Hilmar Lapp hlapp@gnf.org
Mon, 7 Oct 2002 15:25:21 -0700


> -----Original Message-----
> From: Chris Mungall [mailto:cjm@fruitfly.org]
> Sent: Monday, October 07, 2002 1:07 PM
> To: Hilmar Lapp; bioperl-l@bioperl.org
> Subject: RE: [Bioperl-l] Structured (nested) Annotation
> 
> 
> 
> Hmm, I have a few problems with this thread - I'm always a 
> little uneasy
> with the idea that everything has to fit into some perfect uber object
> model, and anything that diverges from the Perfect Model is Obviously
> Wrong.
> 
> Ok, I'll admit the practice of using the same sequence entity 
> for multiple
> proteins in multiple species seems a little off - if you want 
> to annotate
> the sequence with post-translational modifications, can you 
> be sure the
> annotations are true across all species?
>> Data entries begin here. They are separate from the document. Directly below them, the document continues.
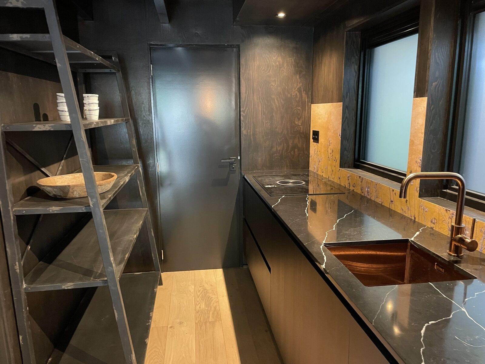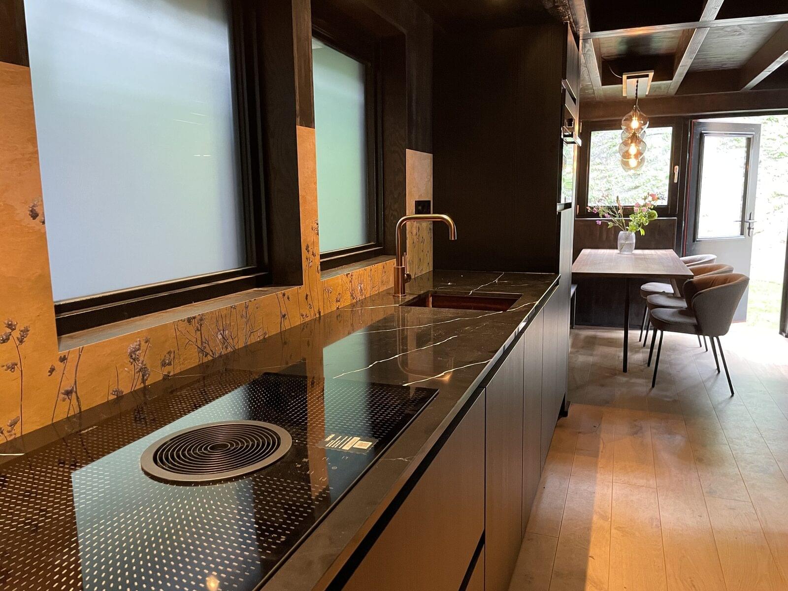 Die offene Küche ist mit allen modernen Annehmlichkeiten wie Induktionsherd, Spülmaschine, großem Kühlschrank und Kaffeemaschine ausgestattet.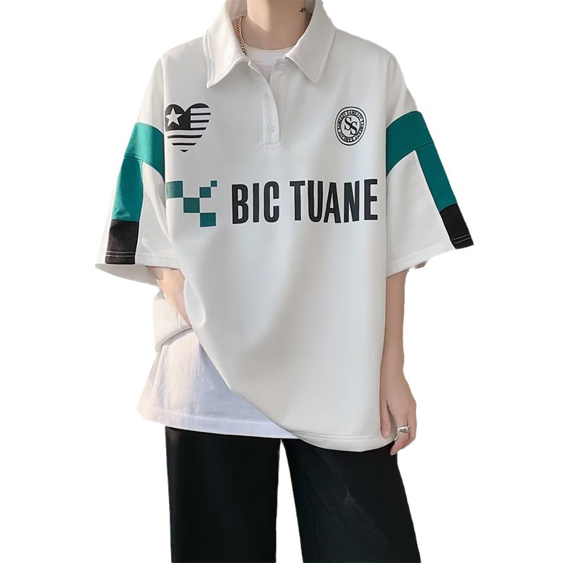撞色五分袖polo衫港风日系短袖男夏季带领t恤设计感oversize半袖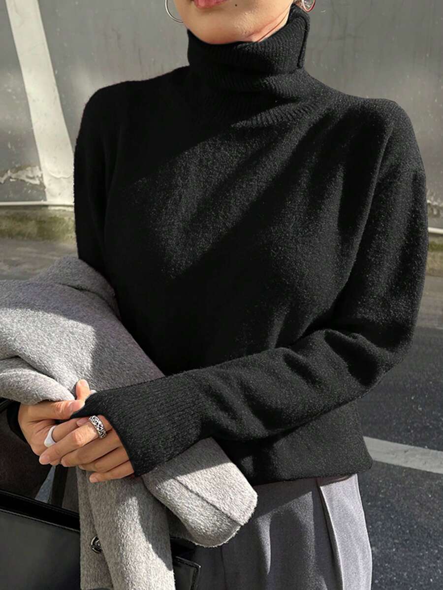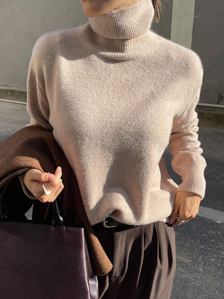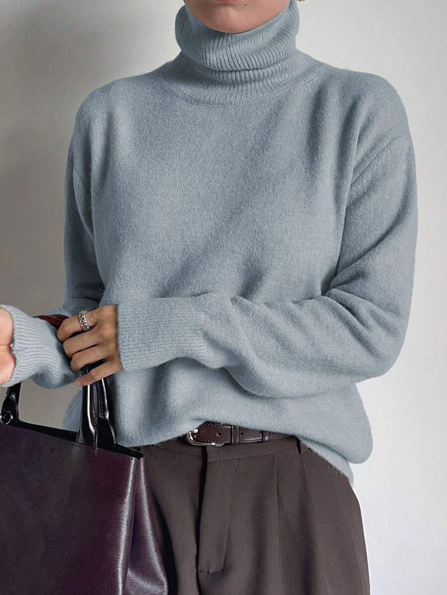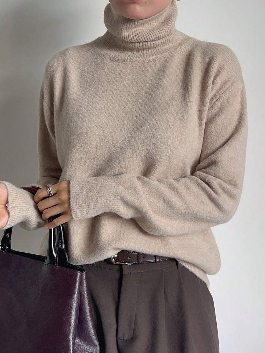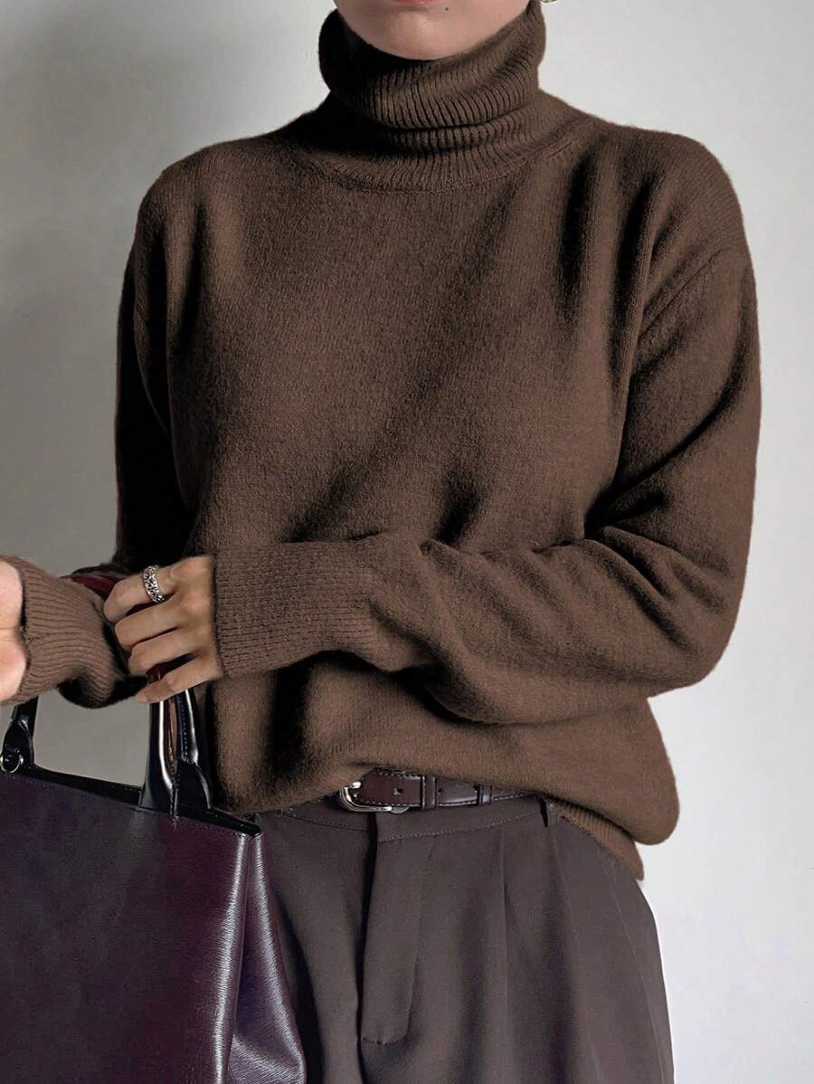 MIU 1pc Women's Business Casual Pullover Turtleneck Sweater,Fall Women Clothes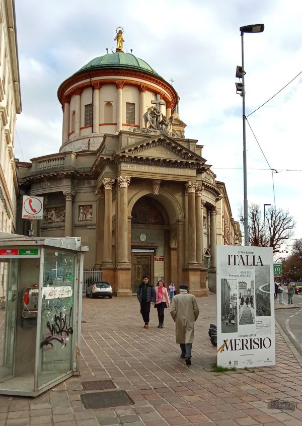 De előbb kávé! Ezen a külvárosi szegleten két hely akad: egy, az én ízlésemnek túl steril, fancy gelateria, ill. az utca túloldalán az időtlenül életszagú kis Bar La Pesa. Cseppet sem fancy, ám annál barátságosabb. Lehet lottózni is. És ne feledjük, Olaszországban a kávé a lelakottabb kiskocsmákban is mindig kiváló. Mondjuk, az egy kicsit meglepett, hogy 2025-ben a legfejlettebb régióban, Lombardiában guggolós wc-t találok… Viszont szép tiszta, és esküszöm, higiénikusabb, mint a legtöbb nyilvános klotyó.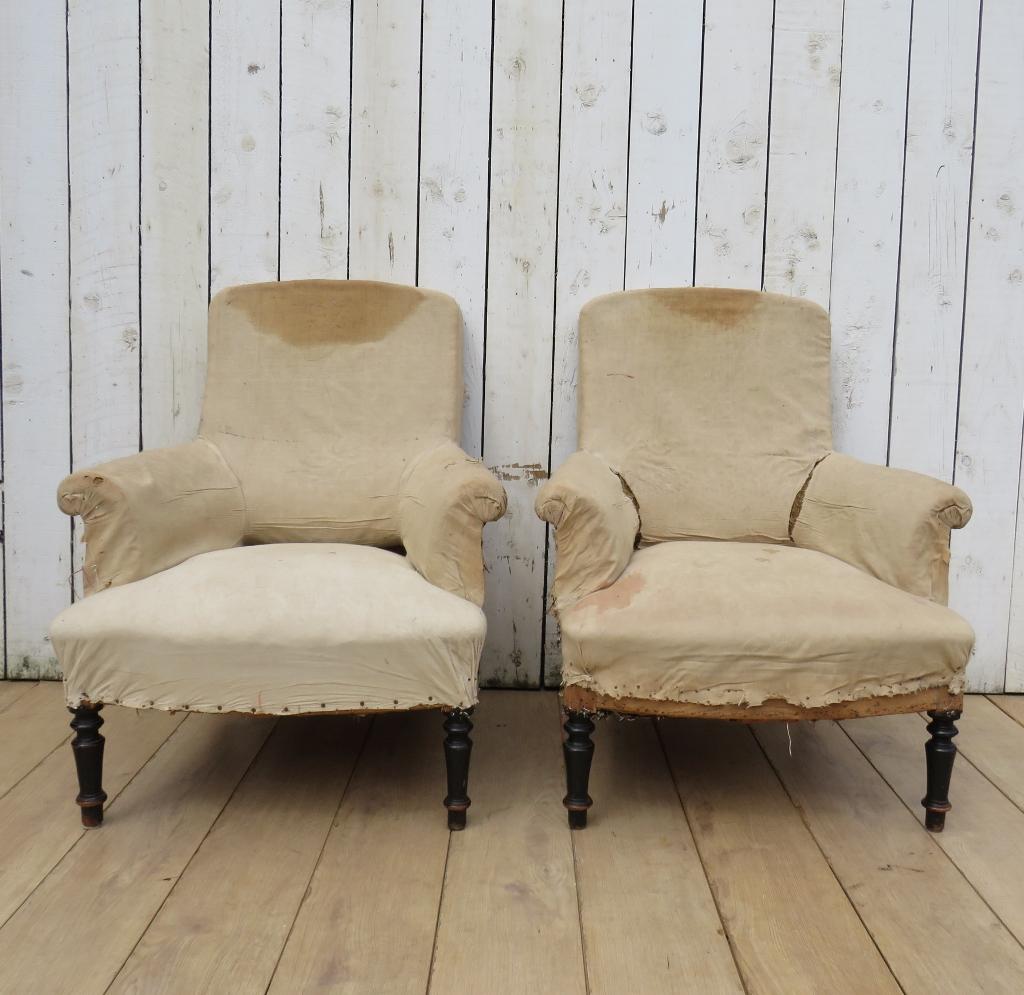 Pair of Antique Deconstructed Napoleon III Armchairs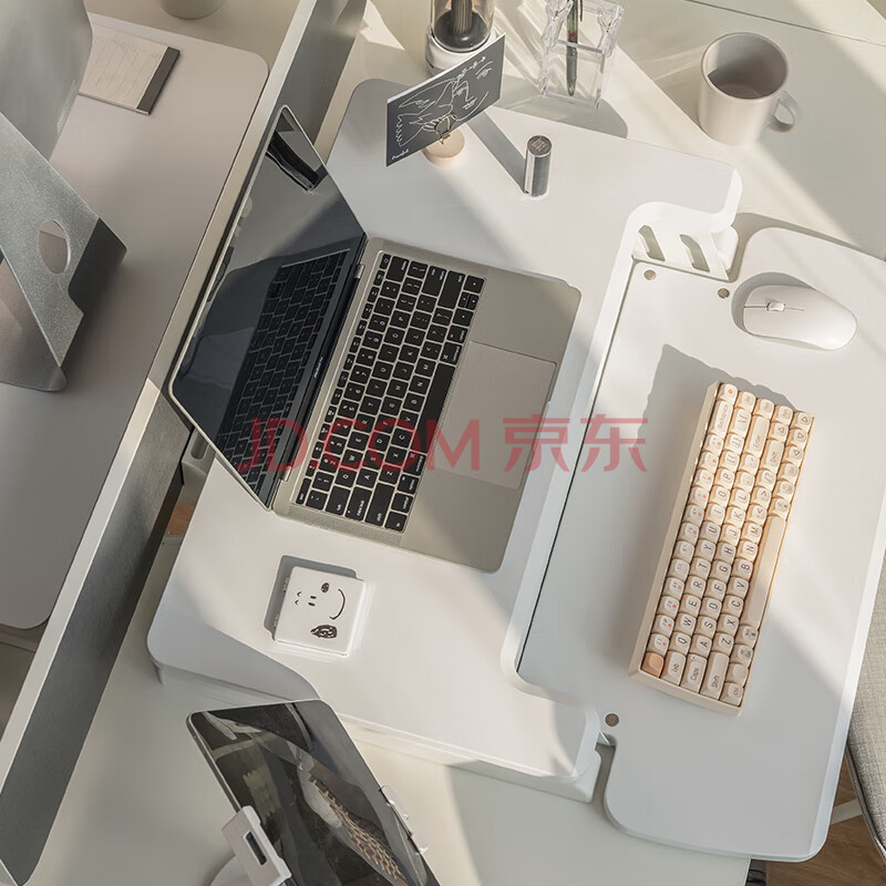 商品相册:Brateck北弧 升降台 升降电脑桌 升降桌小型 站立办公升降台 显示器增高架 电脑支架小仙桌 石英白第1张/共6

There are more problems than that, like gene names, references, cross-references (dblinks) etc all pertain in many cases only to one species, or to a certain subset. Trying to capture this in the annotation (which SP does for references: each one's got a species - yes, references have a species as attribute) makes the view not simpler but pretty complex, and not trying to capture it (which SP does for dblinks and gene names) is dismissing annotation structure that may be important to quite a number of people.

> 
> But then swissprot may have good reasons for collapsing identical
> sequences into the same entity - ease of database management for one
> thing.
> 
> Besides, ensembl does a similar thing with alternate 
> spliceforms producing
> proteins with identical sequences - these are collapsed into the same
> entity, even though they are distinct proteins, possibly with distinct
> cellular localisation, post translational modifications etc.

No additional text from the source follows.